La petite réfléchit en silence et leva un doigt en l’air : « Moi je sais ! Reste ici, je reviens tout de suite ! » A peine avait-elle dit ces derniers mots qu’elle filait hors de la chambre. Sa mère l’entendit courir dans la maison, monter au grenier, fouiller dans des placards et quand elle revint enfin, elle portait au creux de ses bras tout un fatras de petites choses qu’elle déposa sur le lit. « Donne moi ton sac », dit-elle à sa mère d’un air triomphal. Elle ouvrit le sac et y fit tomber tellement d’objets que sa mère eut du mal à croire qu’ils allaient tous trouver leur place à l’intérieur. Mais à sa grande surprise, la petite parvint à tout rentrer puis ferma le sac et lui passa la bride autour du cou. Elle prit dans ses mains les mains de sa mère, sourit de toutes ses dents et lui dit : « Maman, je crois que tu as créé quelque chose de magique.» Elle se mit à parler tout bas, comme si elle s’apprêtait à partager avec sa mère le plus grand des secrets et continua : « Dans ce sac, tu as tout ce qu’il te faut : de quoi te faire belle, te souligner les yeux et te peindre les lèvres, et de quoi sentir bon, quelques gouttes à mettre dans ta nuque, au creux de tes poignets, des pastilles pour la gorge pour quand tu as froid, et une capuche aussi, bien pliée, pour les jours de pluie. Tu as un autre sac : tu sais, le filet de grand-mère, pour les achats plus gros ; je l’ai roulé en boule, il est si souple et si léger ! J’ai aussi pensé à y mettre la photo de nous deux que tu aimes tant, ton journal et ton stylo, quelques pièces de monnaie et aussi un billet, si tu vois quelque chose qui te plait, et un crochet, avec une pelote de fil si jamais tu t’ennuies. » Elle s’arrêta essoufflée. « hé bien, je crois que je n’ai rien oublié ! »
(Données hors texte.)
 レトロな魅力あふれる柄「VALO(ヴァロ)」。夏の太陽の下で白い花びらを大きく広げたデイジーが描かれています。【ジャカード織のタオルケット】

Sa mère n’en croyait pas ses yeux. Elle prit le sac dans ses mains et l’ouvrit avec précautions, comme s’il allait se désagréger sans prévenir, se changer en poussière. Son visage s’éclaira lorsqu’elle vit à l’intérieur tout ce que sa fille lui avait décrit. « C’est magnifique ! » s’exclama-t-elle. Puis regardant sa fille, elle demanda : « Comment allons nous appeler ça ? »
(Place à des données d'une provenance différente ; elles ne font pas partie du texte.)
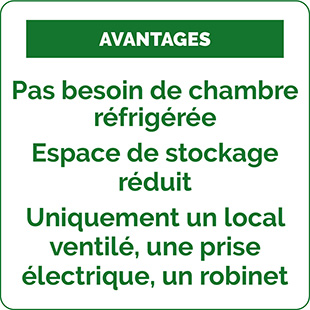 - Avantages pratiques : Très simple d'installation et d'utilisation. Très peu de contraintes techniques (un local ventilé naturellement ou VMC, une prise électrique, un robinet). Faible encombrement.

Mère et fille réfléchirent en silence. La petite regarda encore une fois le sac sur l’épaule de sa mère, sa lanière de cuir qui lui passait entre les seins en les mettant joliment en valeur, la façon dont il frôlait sa hanche, sans bruit, et se balançait à portée de sa main. Elle fit une moue et dit : « ça pourrait être le sac tout-en-main ? » Saisissant l’idée au passage, sa mère la regarda, triomphante : « ça, ma petite, c’est un sac à main ! ».

 

On dit que depuis, toutes les femmes portent à leur bras ce petit objet bien pratique, qui leur permet d’emporter avec elles tout ce qu’elles veulent, ce dont elles ne peuvent pas se séparer, ce dont elles peuvent avoir besoin à tout moment, qui sait, on est jamais trop prudent, tout ce qu’elles pensent être elles aux yeux du monde.
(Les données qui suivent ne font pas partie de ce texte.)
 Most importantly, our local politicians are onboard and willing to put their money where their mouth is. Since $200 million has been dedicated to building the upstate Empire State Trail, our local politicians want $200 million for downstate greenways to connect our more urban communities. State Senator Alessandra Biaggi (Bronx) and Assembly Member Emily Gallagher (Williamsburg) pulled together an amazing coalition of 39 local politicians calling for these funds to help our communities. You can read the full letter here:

Quant à la mère, ses troubles ne durèrent pas au delà de cette singulière journée. Quand la nuit tomba et qu’elle dut fermer les volets, une brise légère et douce lui souffla au visage alors qu’elle se penchait à la fenêtre. Elle la guérit aussitôt.

C’était une bise comme elle n’en avait encore jamais senti.

Dont c’était le premier souffle.

Et pour laquelle il faudrait trouver un nom.